MLS Properties, et al. v. Weld County Board of Equalization, et al.

The appeals court unanimously reversed and remanded a case involving property tax assessments.

Real property value for property tax assessments is calculated every two years in Colorado. A county assessor determines the value of a property which takes effect Jan. 1 of odd-numbered years. Generally, a property’s value is carried over to even-numbered years and can only be modified under three circumstances: correcting a clerical error or omission, correcting an incorrect value or adjusting for an unusual condition affecting a property.

The plaintiffs, 55 Weld County commercial property owners and taxpayers, filed an action in district court after trying administrative remedies as they protested their 2020 property valuations. The taxpayers alleged two unusual conditions occurred under section 39-1-104(11)(b)(I) that required the assessor to revalue their properties for the 2020 tax year. Namely the COVID-19 pandemic being detrimental in nature and various governmental orders responding to the pandemic restricted the use of their land.

The Weld County Board of Equalization and Weld County Assessor Brenda Dones moved to dismiss under C.R.C.P. 12(b)(5), failure to state a claim upon which relief can be granted. The district court granted the motion explaining the taxpayers claims were non-specific and conclusory, and as a matter of law, the pandemic and resulting orders occurred too late to be considered for the 2020 valuations.

The appeals court reversed concluding under section 39-1-104(11)(b)(I) the assessor is required to consider unusual conditions that occur during any point during the even-numbered calendar year of a reassessment cycle, not just those existing before Jan. 1 of the even year. The appeals court also concluded the complaint was specific enough to survive a C.R.C.P. 12(b)(5) motion for dismissal.

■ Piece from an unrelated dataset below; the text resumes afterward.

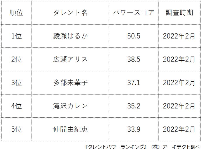 『タレントパワーランキング』では、タレントパワーランキングに登録されている2022年の春ドラマ出演タレントのパワースコアを調査。

The appeals court further surmised the record is insufficient to conclude whether the pandemic or governmental orders were unusual conditions requiring the revaluation of properties for taxes. That question should be answered after more proceedings to develop the record, the court ruled.

The appeals court reversed the judgment and remanded to the district court to reinstate the amended complaint and conduct more proceedings consistent with the opinion.